> You guys cloned a whole suite of products in a short period of time that cost millions of dollars.
At the risk of stating the obvious, the functionality isn't actually cloned, only the UI. The actual code powering Gmail probably dates back to the late 80s or early 90s and has had several hundred thousands of hours of work put into it. This is just a webpage that looks kind of similar.
I point this out only because I've seen people saying that software businesses don't have moats anymore because of this, which is taking away a completely false lesson.
I mean it is so obvious causing me to find the use of the phrase cloned so weird that I feel it needs to be said.
The UI cloning doesn't feel exactly correct either there are things that are slightly off.
But I just find the "cloned" wrong, because obviously you cannot send an email from this account, you cannot log in to the service as Jeffrey Epstein, you cannot delete emails, create alerts based on searches, do actions on selected emails (create new tag, move under that tag)
there are so many functionalities that are not cloned because obviously they could not be cloned because they would make no sense for what this project is. So just the praise for cloning so quickly makes me sort of mad.

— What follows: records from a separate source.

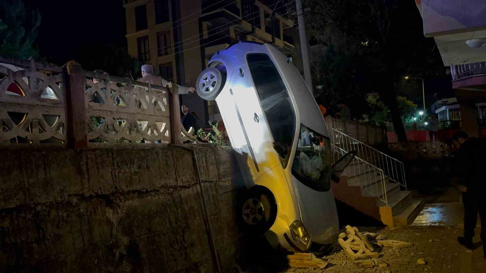 Antalya’nın Gazipaşa ilçesinde sürücüsünün park ederken fren yerine gaza bastığı otomobil, kaldırım kenarındaki beton korkuluklara çarpıp bahçe duvarında asılı kaldı. Kazada araç sürücüsü hafif şekilde yaralandı.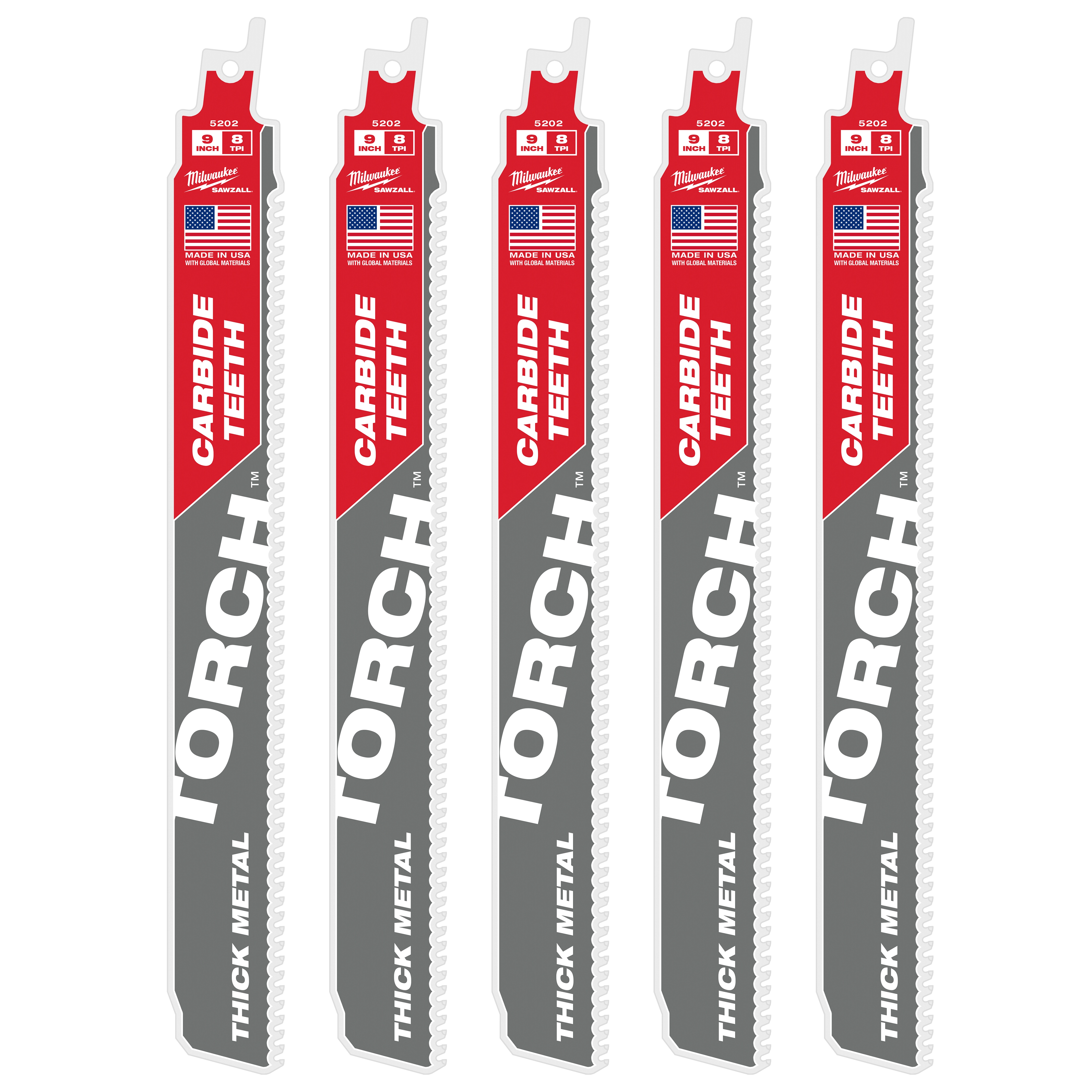 9" 8 TPI TORCH™ with Carbide Teeth SAWZALL® Blades (5 PK)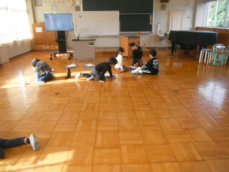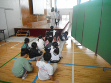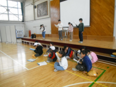 3時間目です。体育館へ向かうと、3年生が学習発表会の練習をしていました。大きな声でせりふを言ったり、それに合ったジェスチャーを付けたりして、たいへ立派な演技でした。舞台下の子供たちは静かに待っていました。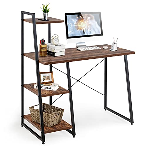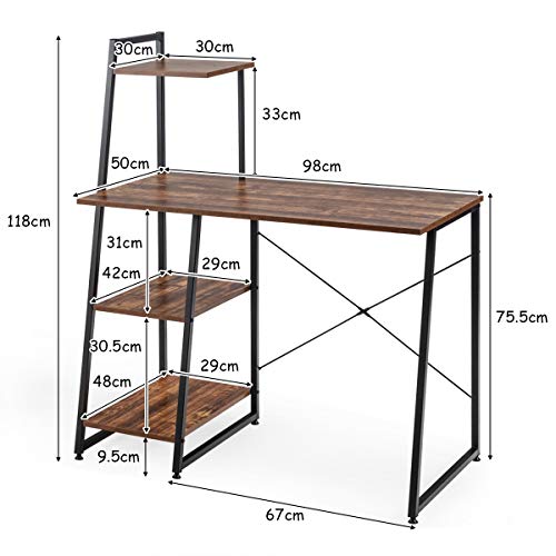 DREAMADE Scrivania con Libreria a 4 Ripiani,Scrivania per Computer con Scaffale Laterale, Scrivania con Libreria per Ufficio,Studio,Camera da Letto,Struttura in Ferro,Bianco,100x50x118cm (Marrone)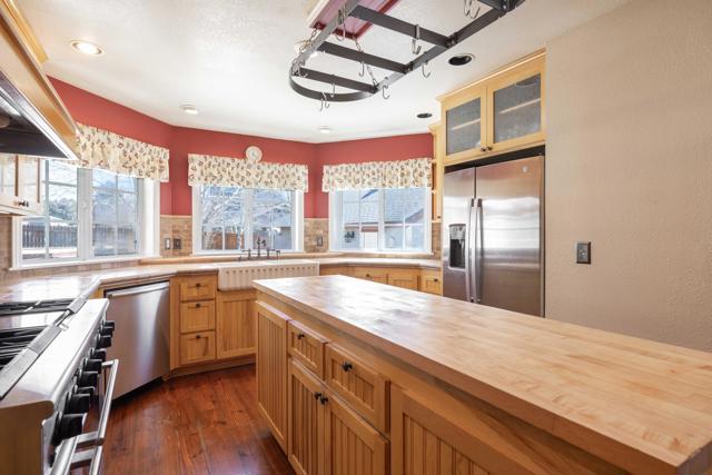Welcome to this gorgeous Estate on over an acre of beautifully landscaped grounds, making it a park-like setting. Spectacular mountain and sunrise/sunset views. The property is fully fenced with rolling gates and is zoned for Equestrian use, plenty of room to add a barn, corral, etc. This home boasts a fully equipped farm kitchen with large pantry and dining area, warm wood floors, a huge primary suite on the main level with a fireplace, living room with a fireplace, den/family room, 2nd level on-suite, additional bedrooms/bathrooms, separate laundry room, loft area with a wood burning stove, and an additional 3rd level loft/storage room. The main floor also has a lovely and relaxing atrium/sunroom, and you can also enjoy a nice soak in the exterior spa. Lots of parking and storage with the expansive driveway, 3 car garage, and shed. The roof is newer, March 2023. Complete with an in-ground well, and a whole-house generator with a separate (owned) propane tank, to make sure you will always have power during those periodic outages. What a great ranch/estate, come take a look!!!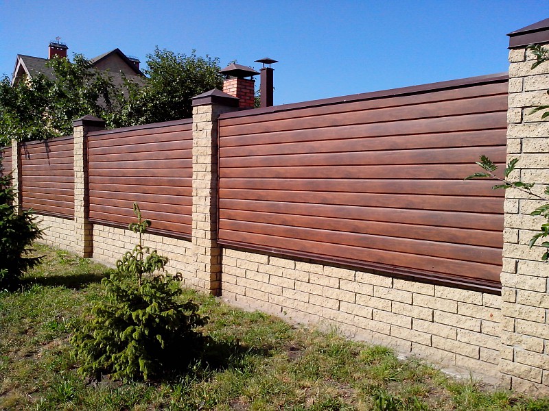 Металлический штакетник — аналог стандартного деревянного штакетника с гораздо более длительным сроком эксплуатации (около 50 лет). Может быть вертикальным или горизонтальным, главное, чтобы были характерные зазоры в несколько сантиметров.
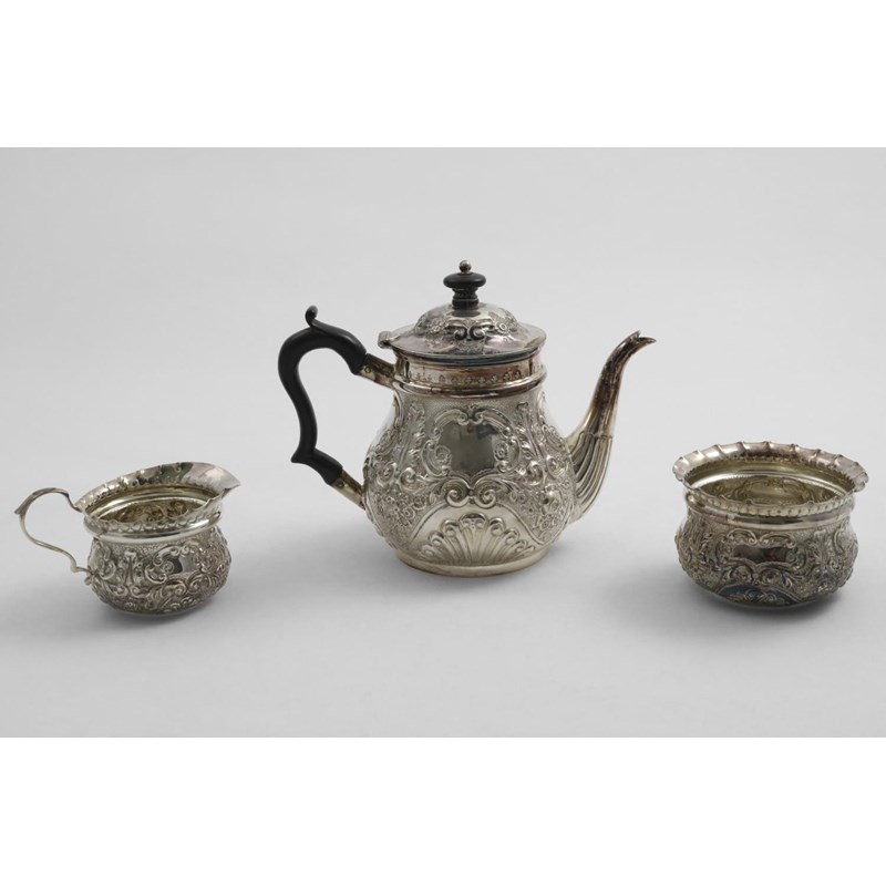 with embossed decoration and vacant cartouches, by G. Jackson & D. Fullerton, London 1898; the tea pot 5.7" (14.5 cms) high; 14.5 oz (3)

You could theoretically make something like this that allowed log in so you got a personalized epstein mails, and then could do all that, and perhaps get more mails sent in as files get released, and perhaps create Google alerts on epstein in the news etc. that would come as mails and maybe the code could put news that came in, into the appropriate the tags etc.
But until that time "cloned" is just very wrong.

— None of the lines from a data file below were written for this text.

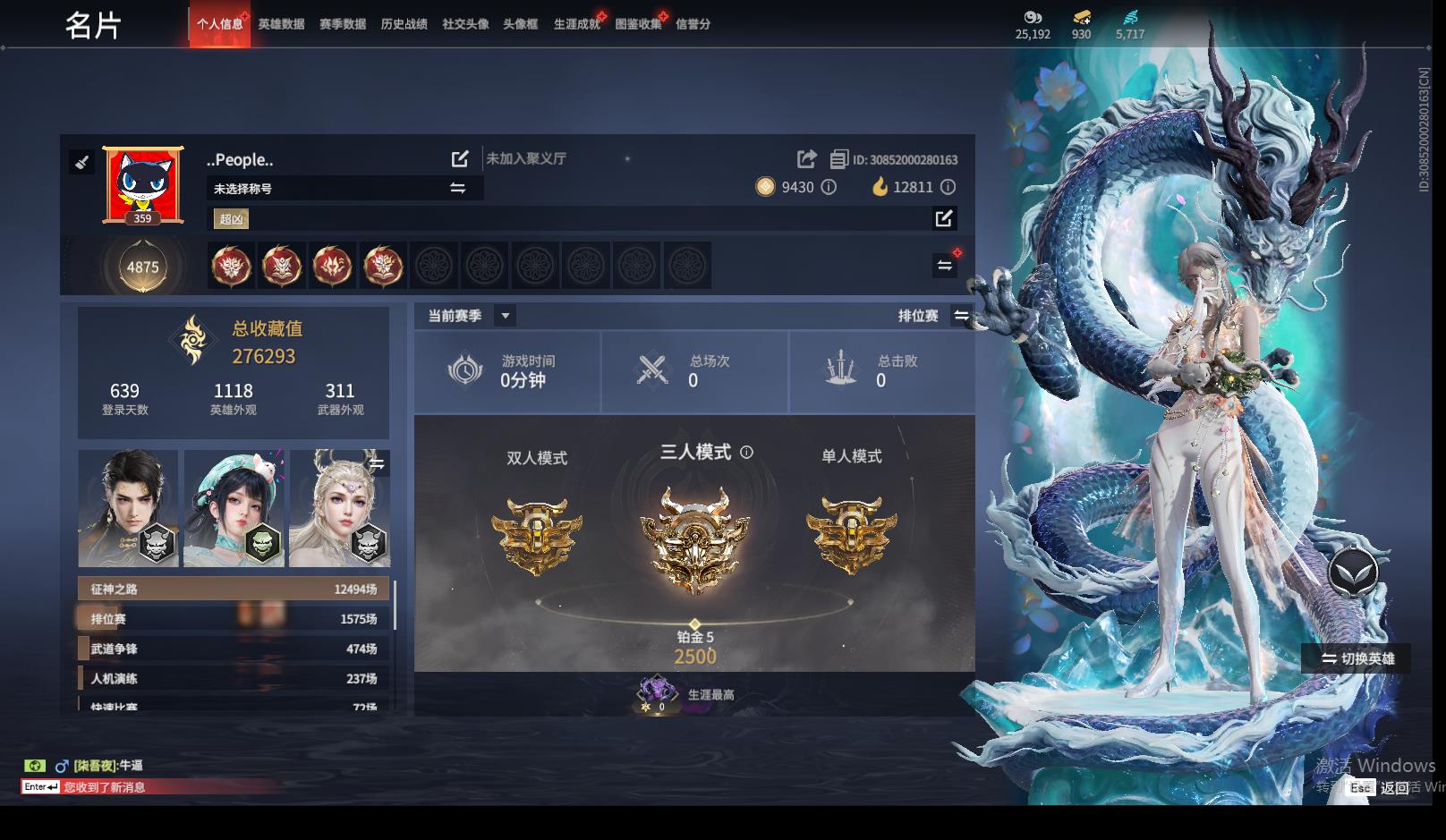 [14242448]yjj587/12.5换绑/等级359/s18三人铂金5/18红380金收藏值276293/赤皓新囍/初代玄女/墨离/星辉魔纱//戎金狼/熛怒炼火/蝶梦/泣珠龙纱/青龙将星/沙漠香风/天罚/苍穹之光/毕方/少阳剑/帝星/龙雀/狼主/天琼//2674·原型//绿野守侯竹韵悠/神乌造像/御翔云/夏日派对·椰风夕照/炎烈珠/龙之影·过江龙//荆魂/拳皇勾玉//幻丝5717/已绑定手游
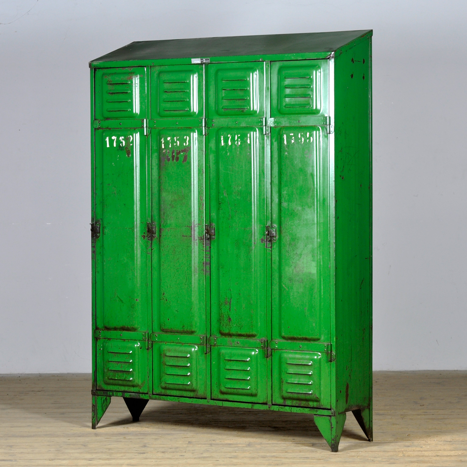 This locker was made in France around 1950 and has four compartments to store all your belongings. In the upper part a shelf and in the lower part clothes hooks. The locker has a green color that fits with any style. The locker has a rustic and weathered look that testifies to its history and character.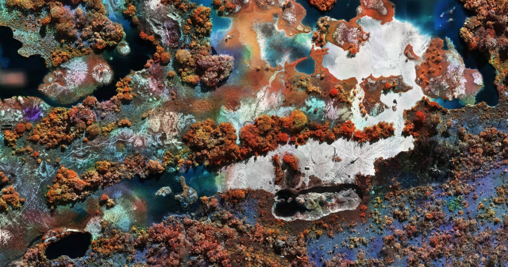 Infrared is invisible to the human eye, and used in his images which look invisible to us. For example, shades of green such as below:

Out of curiosity, would you explain what you mean by that? Google was founded in 1998 and writing a mail client isn't terribly complicated. Did they buy some code for Gmail from an older company? Is Gmail older than Google?
Why stop there, I'm sure you can trace Gmail all the way back to the Roman aqueducts.
I don't know if I'm just misremembering but it feels like over the last three years or so the technical knowledge on HN has gone down the toilet.
> The actual code powering Gmail probably dates back to the late 80s or early 90s and has had several hundred thousands of hours of work put into it.
no. google did not exist until the late 90s.
various forms of internet email sure did, but most popular mtas of the google era shared very little code with predecessors from the 80s and early 90s (maybe sendmail) and google almost certainly wrote their own from scratch.
but your first point. that an archive browser that looks like gmail is not equivalent to a full tilt email service backend is valid.